§ Task directions: Each line from the first line of the entries through the line holding "Ehrenkreuz für Frontkämpfer" is to be restated word for word; nothing else, and no picture, belongs in the answer.

§ Supplied records:
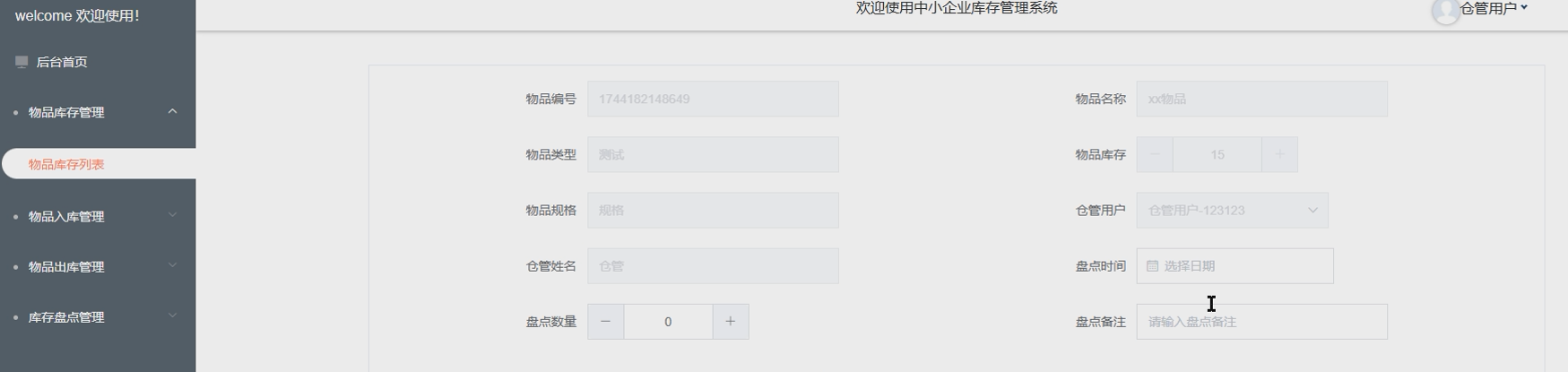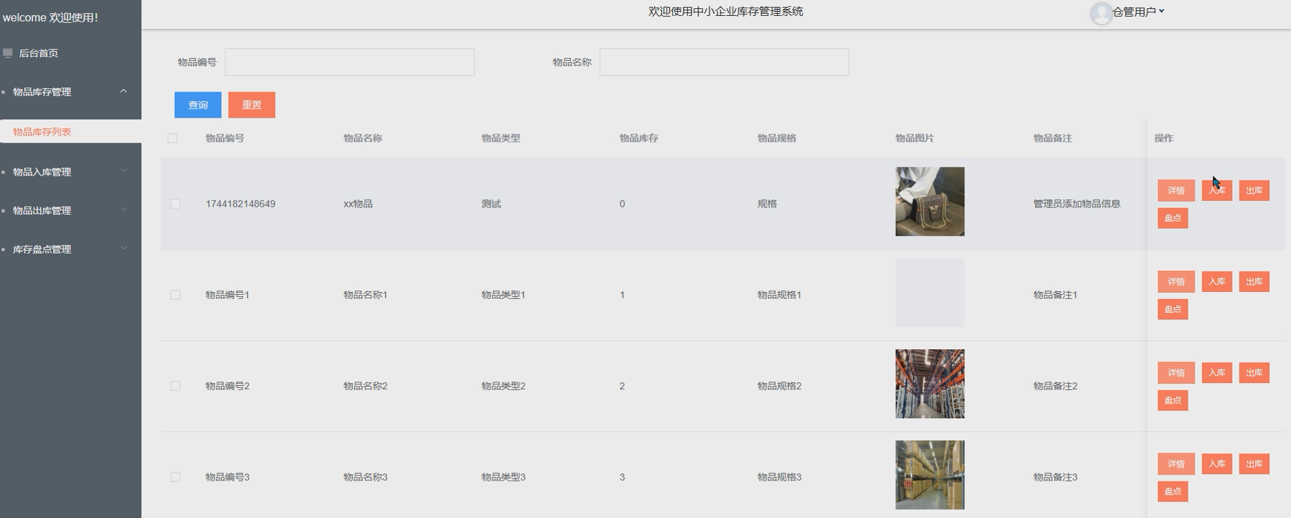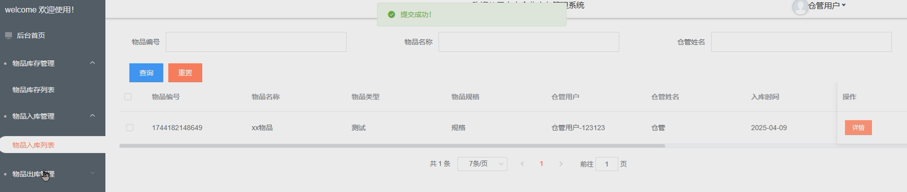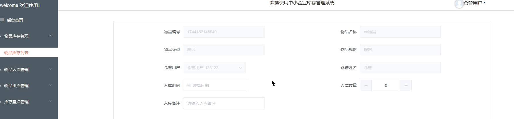 - 物品入库管理:仓管用户负责物品的入库操作,输入物品信息并更新库存数量。确保物品入库信息的准确记录,避免库存混乱。
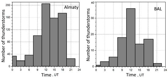 Diagrams of the daily distribution of thunderstorm events based on 3-h data from Almaty meteorological station for the period 2005–2019 (archive weather from Almaty) and from Big Almaty Lake (BAL) meteorological station for the period 2011–2014 and 2017–2020 (archive weather from Big Almaty Lake (BAL)) are presented in Figure 4. The geographical coordinates of these stations differ slightly, but they are located below the high-mountain Tien-Shan station (BAL—43°07′ N, 76°54′ E, 2506 m above sea level; Almaty—43°15′ N, 76°55′ E, 787 ÷ 851 m above sea level).
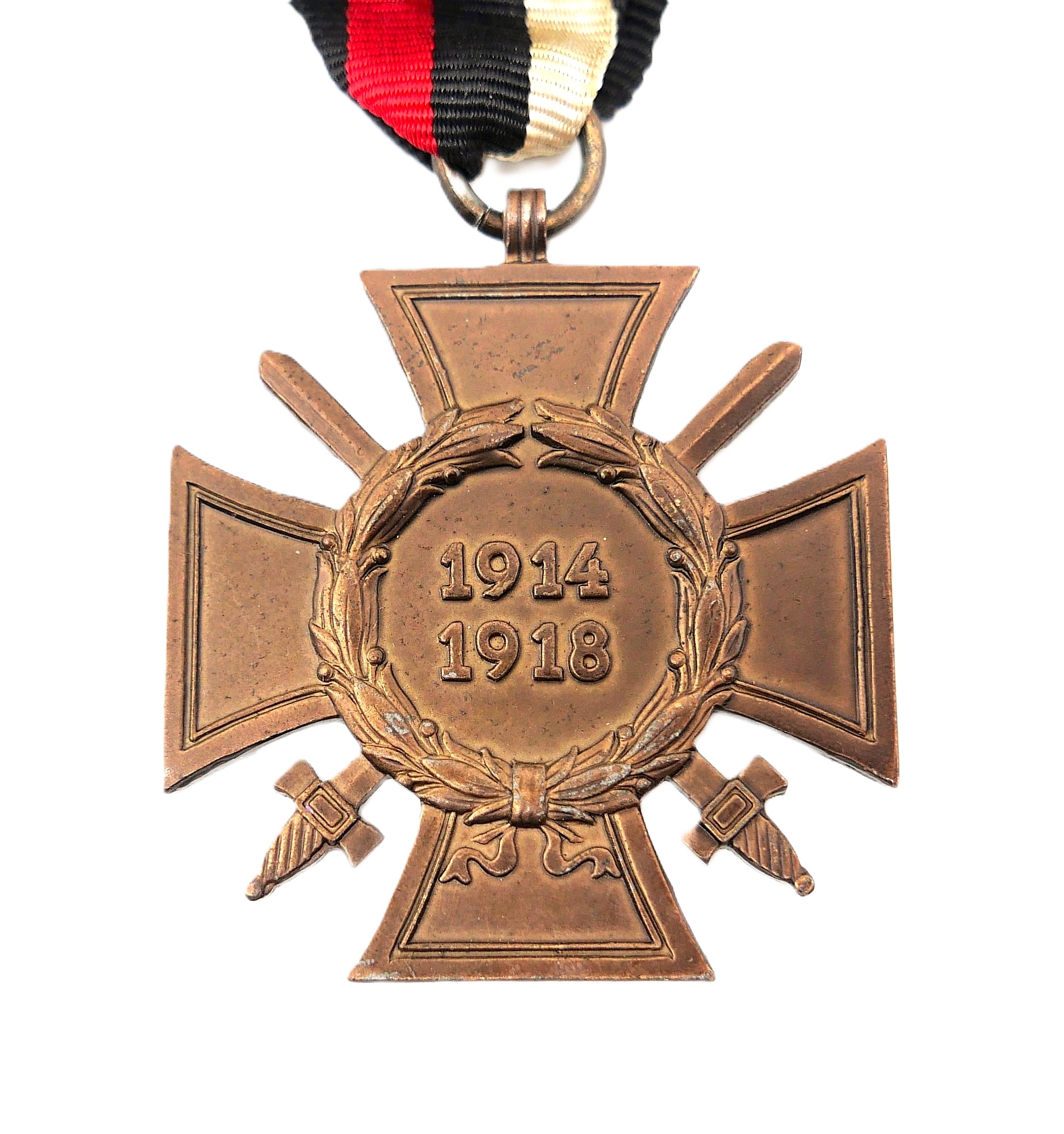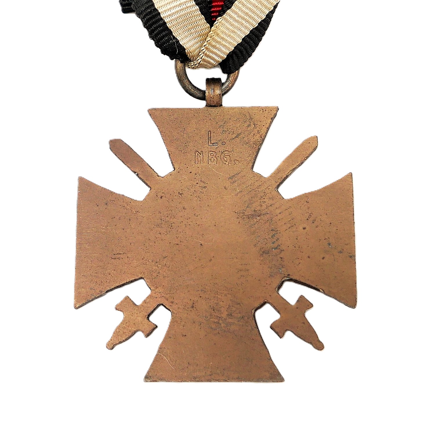 Ehrenkreuz für Frontkämpfer am 14 cm langen Bandabschnitt. Hersteller L. NBG. (L. Ch. Lauer, Nürnberg – Berlin). Magnetisch. Getragener Zustand.
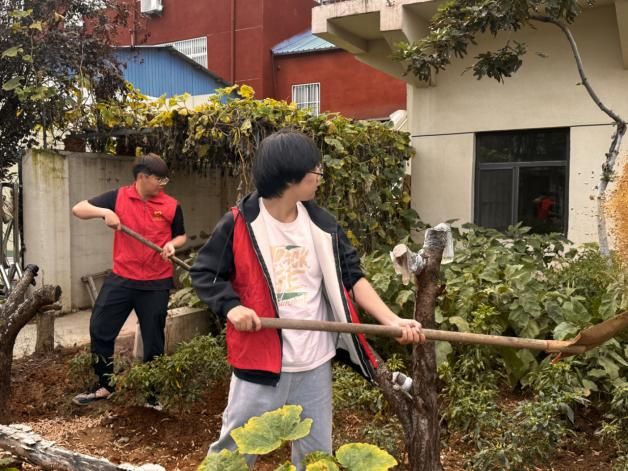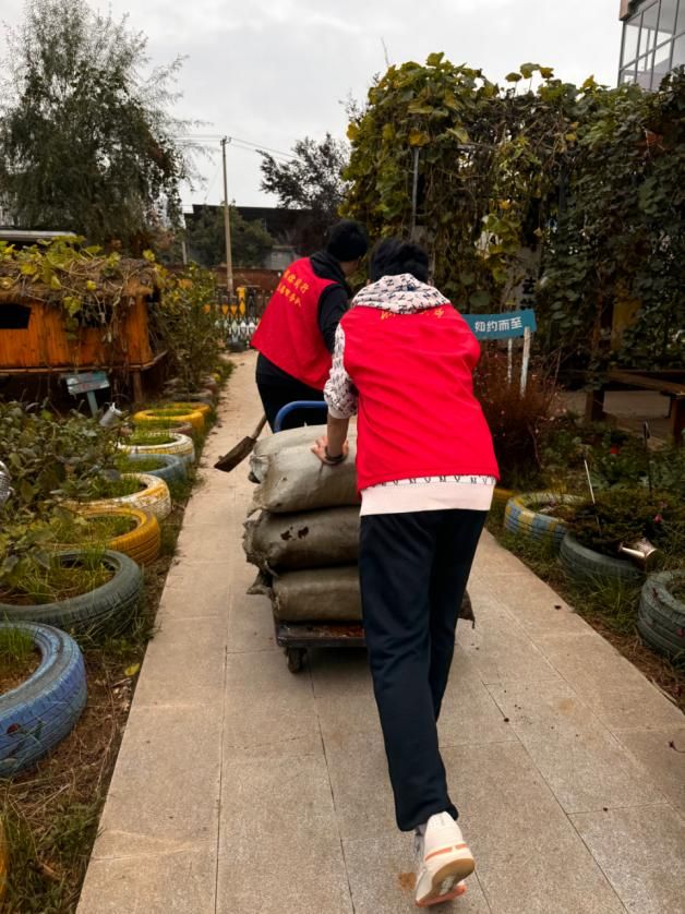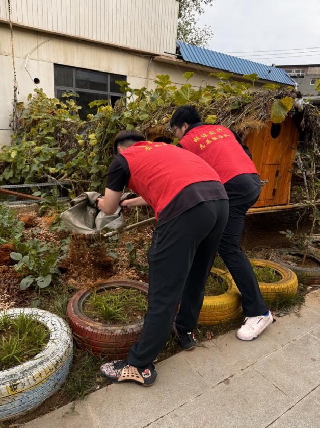 花园施肥后,“卫生清洁行动”紧接着开展。志愿者们拿起扫帚、抹布等,一起清理花园、教室。他们分工协作,凭借团队配合以及高效的服务能力,很快就为孩子们创造了一个干净整洁的成长空间。在无声的劳作中,志愿者将“对他人负责、对环境尽责”的意识悄悄传递,让干净的空间不仅是物理层面的舒适,更成为滋养孩子“公共意识”的成长土壤。
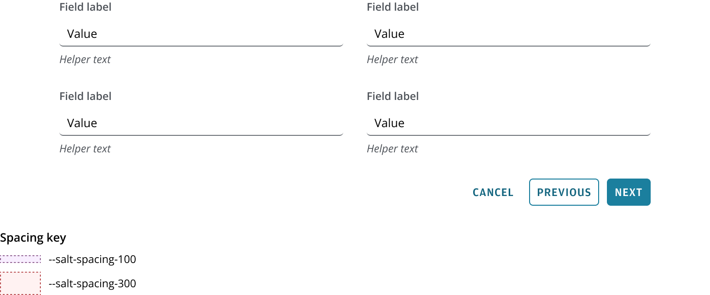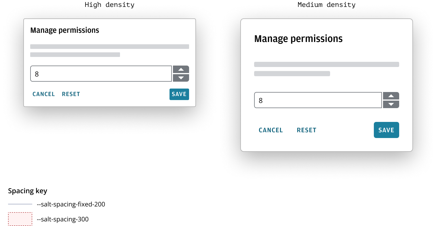 Salt’s spacing system uses a base unit, --salt-spacing-100, which scales proportionally across all desktop densities (high, medium and low densities). Each spacing token is a multiple or percentage of this base unit, ensuring predictable and flexible spacing.
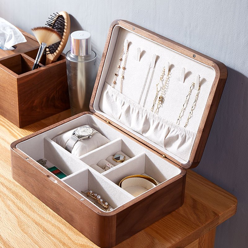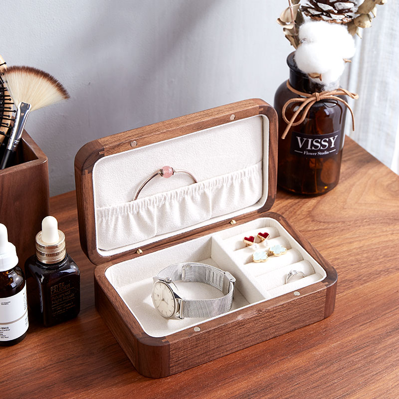 MUSOR jewelry box Walnut mortise and tenon high-grade hanging necklace ear needle ring Portable travel jewelry storage box

§ Finished exercise:
 - 物品入库管理:仓管用户负责物品的入库操作,输入物品信息并更新库存数量。确保物品入库信息的准确记录,避免库存混乱。
 Diagrams of the daily distribution of thunderstorm events based on 3-h data from Almaty meteorological station for the period 2005–2019 (archive weather from Almaty) and from Big Almaty Lake (BAL) meteorological station for the period 2011–2014 and 2017–2020 (archive weather from Big Almaty Lake (BAL)) are presented in Figure 4. The geographical coordinates of these stations differ slightly, but they are located below the high-mountain Tien-Shan station (BAL—43°07′ N, 76°54′ E, 2506 m above sea level; Almaty—43°15′ N, 76°55′ E, 787 ÷ 851 m above sea level).
 Ehrenkreuz für Frontkämpfer am 14 cm langen Bandabschnitt. Hersteller L. NBG. (L. Ch. Lauer, Nürnberg – Berlin). Magnetisch. Getragener Zustand.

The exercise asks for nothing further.